Sally told us that they both attended USC at the same
time and it was a surprise to find out Leah was my
sister.
Leah said to Sally, "You need to stop by so we can talk
over old times." I needed to find out why there was so
much tension between them but had to find another time
to ask about it. We went on with dinner. Everyone being
polite to each other. It surprised Leah to hear that
Sally and I were getting married. She and her husband
had just gotten married two years ago and had one child
of their own.
Sally didn't say anymore to me about Leah. I dropped
Sally off at her apartment, kissed her goodnight and
then went home. The next day I had lunch with Sally.
She said she was going over to Leah's after work to
talk to her for awhile so she wouldn't be able to see
me tonight. It bothered me so when I left work I headed
over to Leah's myself. When I got there I saw Sally's
car parked out front. I pulled into the driveway and
entered the house through the garage.
As I entered the kitchen all I heard was Leah yelling,
"You can't, Sally, you just can't. Please don't do it."
I rushed into the room. Sally looked at me with tears
in her eyes and ran out the door. I looked at a crying
Leah and yelled, "Can't what, Leah? Can't what? Can't
marry me? What's going on, Leah?"
Leah looked up at me and said, "She just can't do it."
I looked at Leah and then ran after Sally. I had to
know what this was all about.
Before I could get to her car Sally had sped off. I ran
out, got in my car and went looking for Sally. I knew I
was driving too fast for these crooked roads, but I
needed to catch up with Sally. The next thing I knew I
didn't make the curve and my car was rolling over an
embankment. Then I woke up in the hospital or was I
awake?
It was like I was a spirit looking down on my body just
lying there. I could see the doctors and nurses working
on me. I was hooked up to all kinds of machines. I
could see it all happening. Was I dead? No, I was
breathing but was unconscious. I was comatose. I could
see everything happening to my body but couldn't do
anything but watch.
My parents came in and took my lifeless hand. I could
hear everyone talking but couldn't even move a finger.
I wanted to tell them that I was alive but had no way
of doing it. I couldn't move my fingers or even my
toes. My eyelids would move ever so slightly and that
was it. I kept yelling while looking down on the room.

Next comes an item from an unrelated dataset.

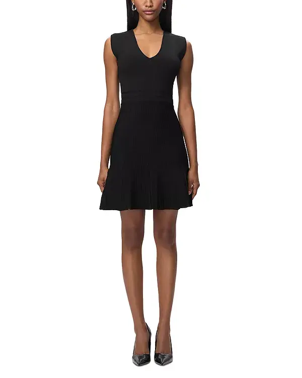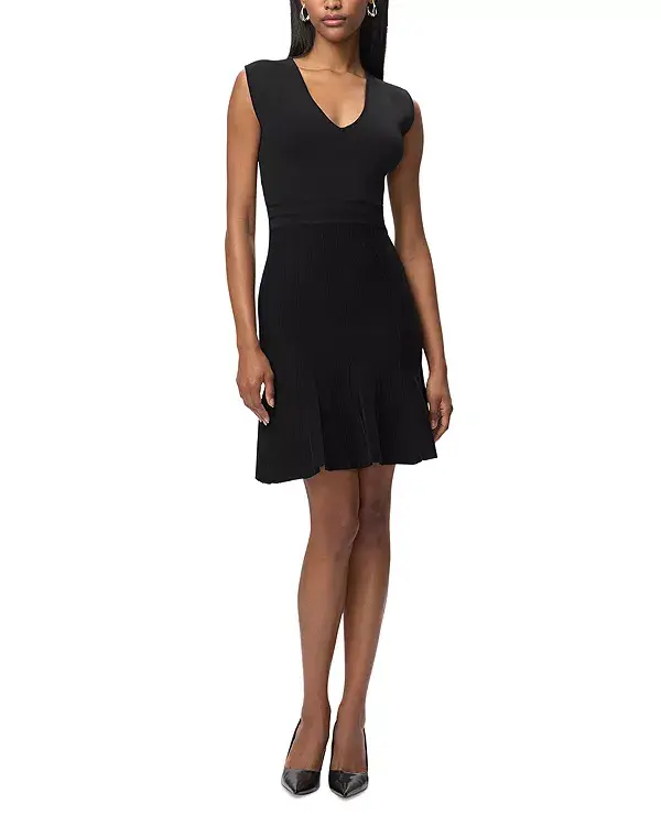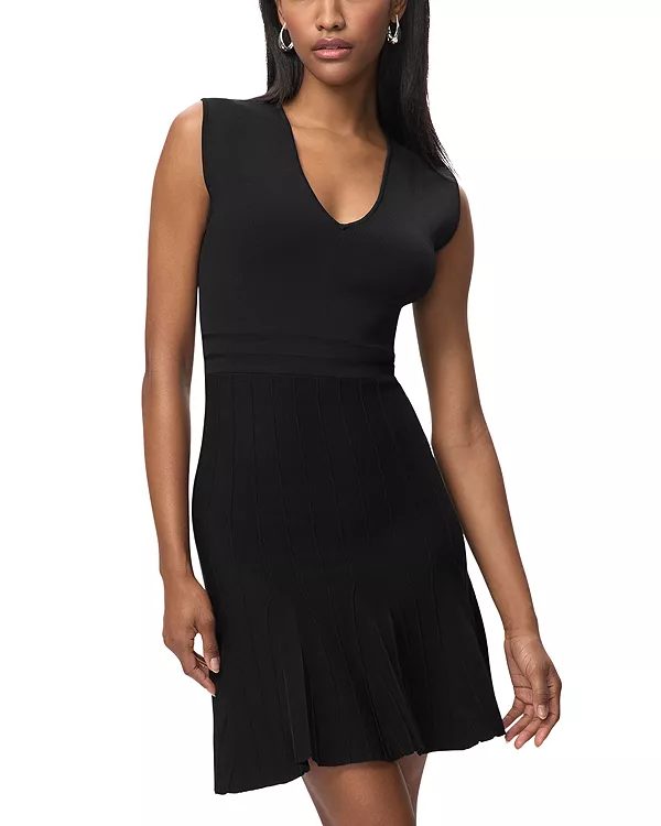 Платье Azalea от Hervé Léger, сшитое из трикотажа средней плотности, представляет собой повседневный силуэт с V-образным вырезом и декоративной строчкой. Длина до колена, расклешенный низ и потайная молния по центру спины.

I'm alright, please hear me, I'm alright. Mom was
crying as dad held her. When they walked out, my sister
Leah came in with her husband. She kept saying she was
so sorry as she cried over me. Why couldn't I move?
God, let me at least move a finger.
My brother came in with his wife. I guess they only
allowed two visitors at a time. My little brother tried
to keep a stiff upper lip but broke down and started
crying over me. He kept repeating, "Why, bro, what
happened?" He and his wife then walked out.
God, what happened to me? Was I dying? Would I recover?
What ever happened to Sally? I needed answers but all I
had were unanswered questions. Why was I able to see
what was going on? Is this the way it is for all
comatose patients? Do we see ourselves dying. No, this
isn't the way it's supposed to be. I was suppose to be
getting married not dying.
The nurse came back in after my brother and his wife
left. She checked all the machines, shaking her head in
a no direction and then walked out. Then I looked over
at the door and there stood Sally. Dad walked her into
the room and stood back while she came up to my near
lifeless body. She was crying as she kissed my forehead
then held my hand in hers and kissed it also. I wanted
to squeeze her hand and let her know I was alive but
nothing happened.
Dad told her it was time to go. She said she wasn't
going anywhere. She was staying here with the one she
loved and sat down in a chair next to me and wept.
A week passed and I was still in a coma. Sally went to
work everyday and then would come sit next to my
lifeless body for hours. She would tell me everything
that went on that day and sometimes read to me. She
told me she had taken care of the insurance and that
she notified my bosses and that I was on a medical
leave. I was not to worry because my job would be
waiting for me. She talked to me like I could hear
everything she was saying.
One day I overheard the doctor and nurse talking. The
nurse said, "He's so young. What are his chances? What
happened to him?"
The doctor replied, "We've done everything medically
possible for him. It's out of our hands now. All we
can do is wait. It isn't looking good. His brain is
still working but his vitals signs are falling. He must
have hit his head extremely hard in the accident. I
don't know if he'll recover."
My parents started stopping by each day for about an
hour. Then the time they spent would be less and less.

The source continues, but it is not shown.